On savait depuis Lucchino Visconti que Venise n’était pas uniquement la ville des amoureux, et pouvait être aussi la ville nostalgique des amours contrariées. Laurence Vivares, pour son premier roman, exploite cette même veine avec « le vie a parfois un goût de ristretto ». L’histoire de Lucie, honteusement plaquée par son compagnon, qui se réfugie seule dans la ville de l’amour pour oublier son chagrin et exorciser une relation qui la possède encore.
Intimiste, ce livre l’est assurément. C’est surtout un exercice délicat où une femme s’abandonne à l’influence de Venise, tout en luttant contre un passé proche qui lui fait mal.

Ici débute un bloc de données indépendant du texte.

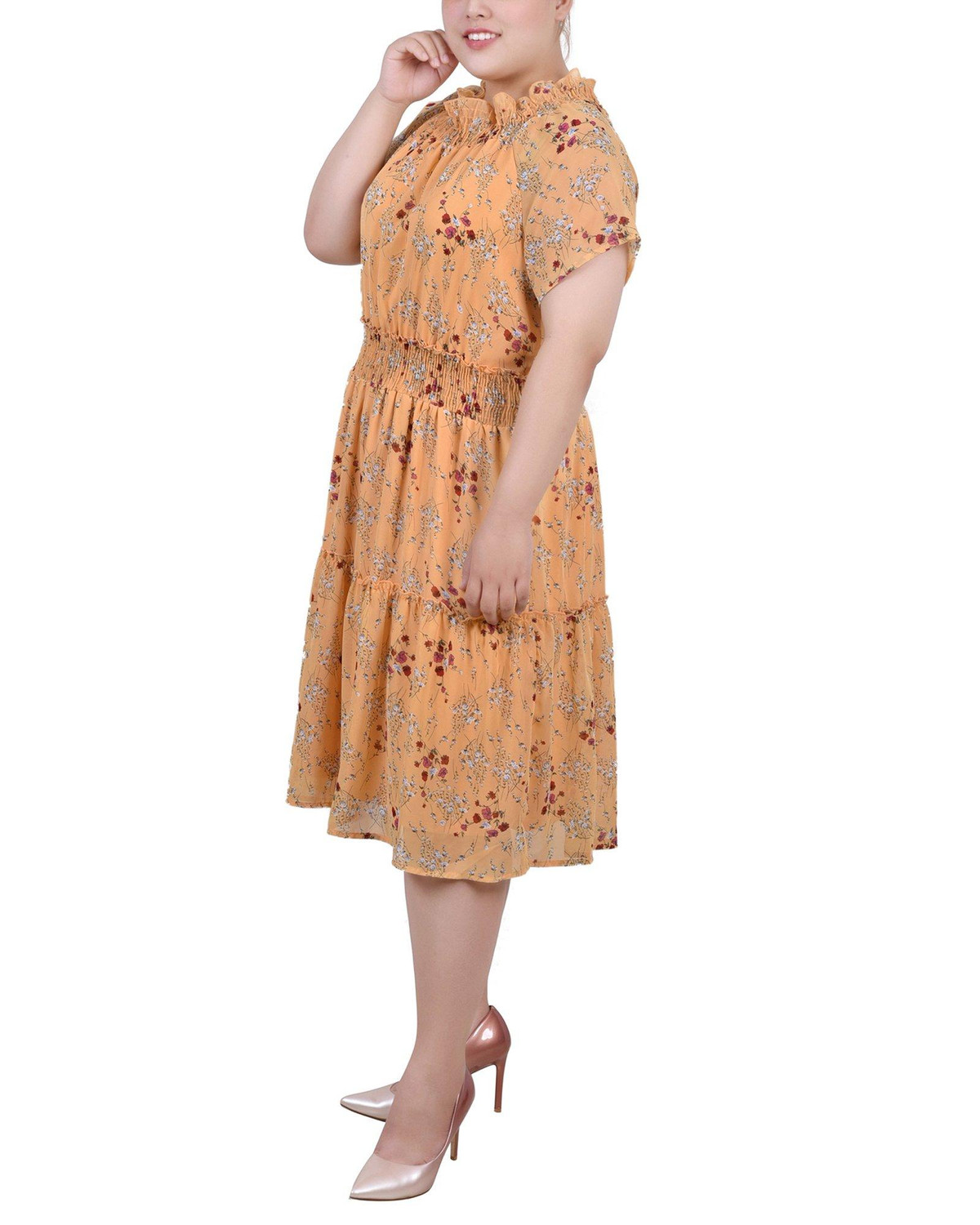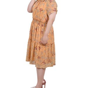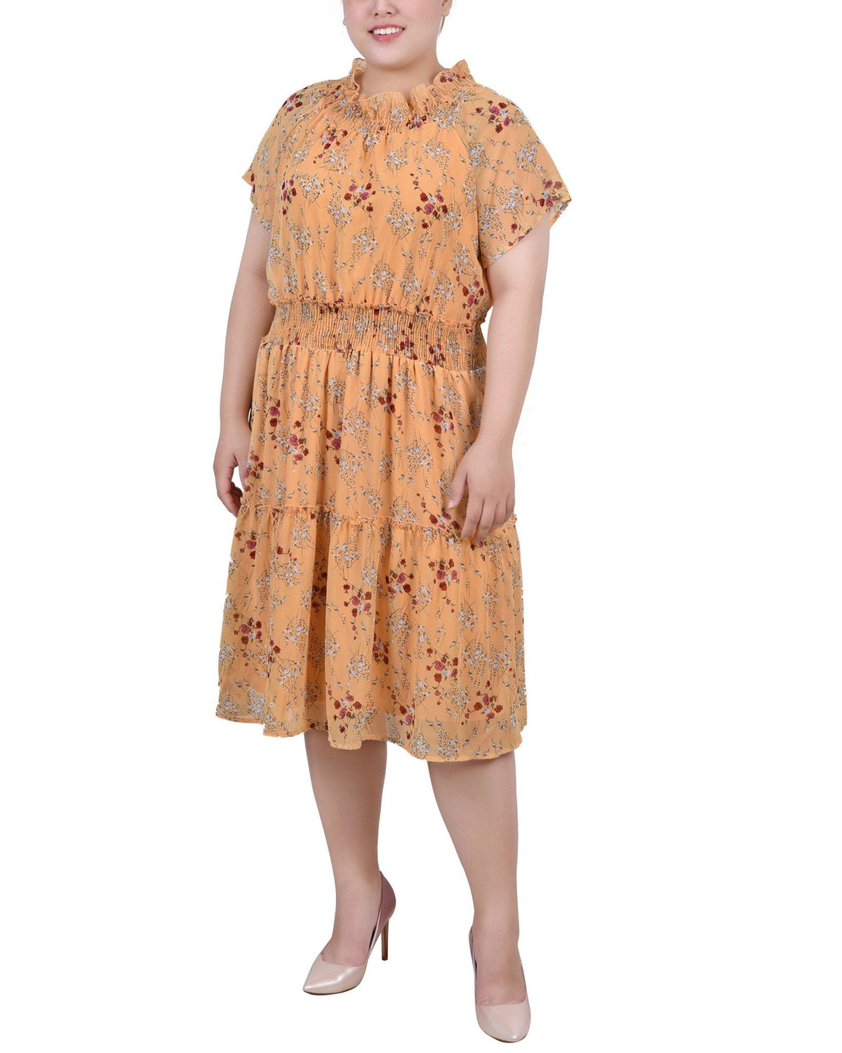 With ruffled neck and smocked waist, this NY Collection dress is perfect for office days and cocktail parties alike.

Un roman très léger où il ne se passe pas grand chose, sinon le cheminement psychologique de l’héroïne. Une femme dynamique dont la boussole professionnelle est orientée vers le succès et la maîtrise de soi, mais qui est totalement perdue sur la carte du tendre. Elle s’investit dans sa vie amoureuse, mais n’est pas payée en retour. Avec le sentiment d’être sous dépendance du mâle dans ce qu’il a de plus égocentrique.

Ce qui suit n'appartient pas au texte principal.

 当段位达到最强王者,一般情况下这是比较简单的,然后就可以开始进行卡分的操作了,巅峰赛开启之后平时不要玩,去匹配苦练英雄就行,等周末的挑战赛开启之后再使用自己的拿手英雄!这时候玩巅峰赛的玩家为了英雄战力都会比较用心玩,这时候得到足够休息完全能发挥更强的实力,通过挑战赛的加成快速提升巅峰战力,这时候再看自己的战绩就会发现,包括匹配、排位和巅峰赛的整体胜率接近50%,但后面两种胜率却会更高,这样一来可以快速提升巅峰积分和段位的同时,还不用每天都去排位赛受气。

C’est cette crise psychologique qui offre le côté le plus intéressant du roman. Laurence Vivares décortique le spleen post-amoureux avec un vrai talent. On rentre dans la tête de cette femme, ses rêves, ses pensées de petite fille, son histoire, ses rapports à soi, à son corps et à ses proches. Sous une constellation de détails intimes, on comprend mieux les moteurs de cette femme.
Ce livre est un livre de femme qui parle d’abord aux femmes. C’est de l’intimité pure et un bon reflet de l’approche amoureuse sous l’angle féminin. Le lecteur masculin y trouve aussi son compte pour ( essayer de ) comprendre un peu mieux les mystères de l’autre sexe. Par exemple, l’ambivalence de l’héroïne qui se crispe quand son Angelo, vénitien rencontré par hasard, s’approche de trop près, et qui dans le vaporetto de retour, regrette qu’il ne soit pas allé plus loin.

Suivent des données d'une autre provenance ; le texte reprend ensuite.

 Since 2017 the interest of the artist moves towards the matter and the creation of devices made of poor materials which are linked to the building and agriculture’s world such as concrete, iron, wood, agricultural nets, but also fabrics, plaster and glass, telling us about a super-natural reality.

Le choix de Venise est judicieux par l’effet de contraste entre les souvenirs heureux et le présent solitaire. Mais l’exploitation de Venise n’est pas parfaite. La carte postale de la cite lacustre est trop classique. Dans le même temps, le personnage d’Angelo est plus le fruit d’un rêve de jeune fille que de l’Italien dragueur et expansif qui nous vient naturellement à l’esprit. A nouveau, un certain goût des contrastes…
Pour un premier roman, ce sont toutefois des défauts mineurs. Et l’on comprend que Venise soit un sujet d’émerveillement qu’on ait envie de partager.
Au final, cette lecture fut une jolie découverte. Un roman intimiste et précieux qui enrobe joliment les états d’âme au féminin.